LIB.SU: ЭЛЕКТРОННАЯ БИБЛИОТЕКА

В окопах Сталинграда

– Товарищ лейтенант, а правда, что у Гитлера одного глаза нет? – спрашивает Седых и смотрит на меня своими ясными, детскими глазами.

– Не знаю, Седых, думаю, что оба глаза есть.

– А Филатов, пулеметчик, говорил, что у него одного глаза нет. И что он даже детей не может иметь…

Я улыбаюсь. Чувствуется, что Седых очень хочется, чтоб действительно было так. Лазаренко снисходительно подмигивает одним глазом.

– Його газами ще в ту вiйну отруïли. I взагалi, вiн не нiмець, вiн австрiяк, i фамiлiя в нього не Гiтлер, а складна якась – на букву «ш». Правильно, товарищ лейтенант?

– Правильно. Шикльгрубер – его фамилия, он тиролец…

– Тиролец… – задумчиво повторяет Седых, натягивая на себя гимнастерку. – А его немцы любят?

Я рассказываю, как и почему Гитлер пришел к власти.
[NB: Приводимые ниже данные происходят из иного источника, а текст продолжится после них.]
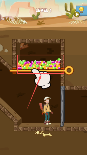 1、开启逃生挑战:进入游戏选择关卡,明确 “拉针解谜、帮助牛仔逃出矿井” 目标,熟悉拉针操作与谜题逻辑,做好准备。
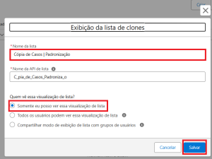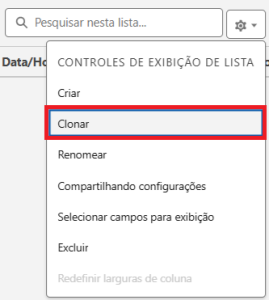 Clique em Clonar e edite o nome da nova lista.

Седых слушает внимательно, чуть приоткрыв рот, не мигая. Лазаренко – с видом человека, который давно все это знает. Валега курит.

– А правда, что Гитлер только ефрейтор? Нам политрук говорил.

– Правда.

– Как же это так?.. Самый главный – и ефрейтор.

Он смущается и принимается за мозоль.

Мне нравится, как он смущается.

– Ты давно уже воюешь, Седых?

– Давно‑о… С сорок первого… с сентября…

– А сколько же тебе лет?

Он задумывается и морщит лоб:

– Мне? Девятнадцать, что ли. С двадцать третьего года я.

Оказывается, он еще под Смоленском был ранен, в лопатку осколком. Три месяца пролежал, потом направили на Юго‑Западный. Звание сержанта он уже здесь получил, в нашем полку.

– Ну и что же, нравится тебе воевать?

Он смущенно улыбается, пожимает плечами:

– Пока ничего… Драпать вот только неинтересно.

Даже Валега и тот улыбается.

– А домой не хочешь? Не соскучился?

– Чего? Хочу… Только не сейчас.

– А когда ж?

– А чего ж так приезжать? Надо уже с кубарем, как вы.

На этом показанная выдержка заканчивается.